Given data:
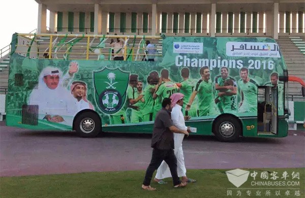 2016年5月13日当地时间晚9点,沙特阿拉伯阿卜杜勒·拉蒂夫·贾米尔联赛决赛(Abdul Latif Jameel League)在吉达阿卜杜拉国王体育城(King Abdullah Sports City)拉开序幕,亚星客车豪华双层巴士助力阿尔阿赫利球队(Al Ahli)一举夺得桂冠。
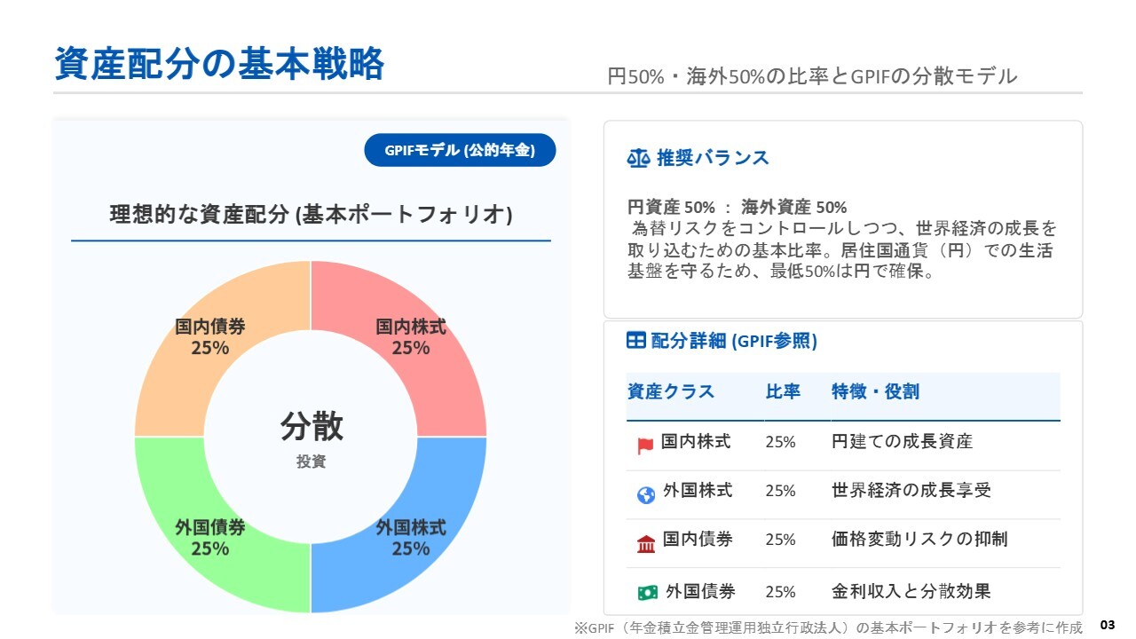 スライドの「理想的な資産配分」は、みなさまの年金を運用しているGPIF(年金積立金管理運用独立行政法人)のポートフォリオです。国内と海外を半分ずつ、債券と株式も半分ずつの構成となっています。
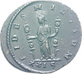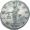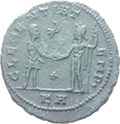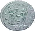 ID D47: Florianus AD 276 Antoninianus (BI; 19-22mm; 3.40g; 7h) Rome, 1st issue, 2nd officina, Jul – Aug 276. IMP C FLORIANVS AVG Radiate, cuirassed and draped bust of Florianus to right, seen from the rear. Rev. LAETITIA FVND Laetitia standing to left, holding wreath in right hand and anchor in left hand; in exergue, XXIB. Details |
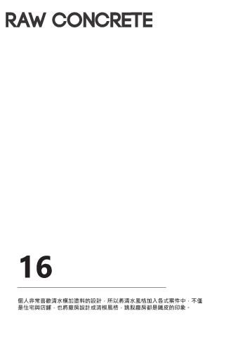 raw concrete 16 個人非常喜歡清水模加塗料的設計,所以將清水風格加入各式案件中,不僅 是住宅與店舖,也將廠房設計成清模風格,跳脫廠房都是鐵皮的印象。

Exercise aim:
The preceding listing is to be restated word for word, with every picture omitted.

Response:
 2016年5月13日当地时间晚9点,沙特阿拉伯阿卜杜勒·拉蒂夫·贾米尔联赛决赛(Abdul Latif Jameel League)在吉达阿卜杜拉国王体育城(King Abdullah Sports City)拉开序幕,亚星客车豪华双层巴士助力阿尔阿赫利球队(Al Ahli)一举夺得桂冠。
 スライドの「理想的な資産配分」は、みなさまの年金を運用しているGPIF(年金積立金管理運用独立行政法人)のポートフォリオです。国内と海外を半分ずつ、債券と株式も半分ずつの構成となっています。
 ID D47: Florianus AD 276 Antoninianus (BI; 19-22mm; 3.40g; 7h) Rome, 1st issue, 2nd officina, Jul – Aug 276. IMP C FLORIANVS AVG Radiate, cuirassed and draped bust of Florianus to right, seen from the rear. Rev. LAETITIA FVND Laetitia standing to left, holding wreath in right hand and anchor in left hand; in exergue, XXIB. Details |
 raw concrete 16 個人非常喜歡清水模加塗料的設計,所以將清水風格加入各式案件中,不僅 是住宅與店舖,也將廠房設計成清模風格,跳脫廠房都是鐵皮的印象。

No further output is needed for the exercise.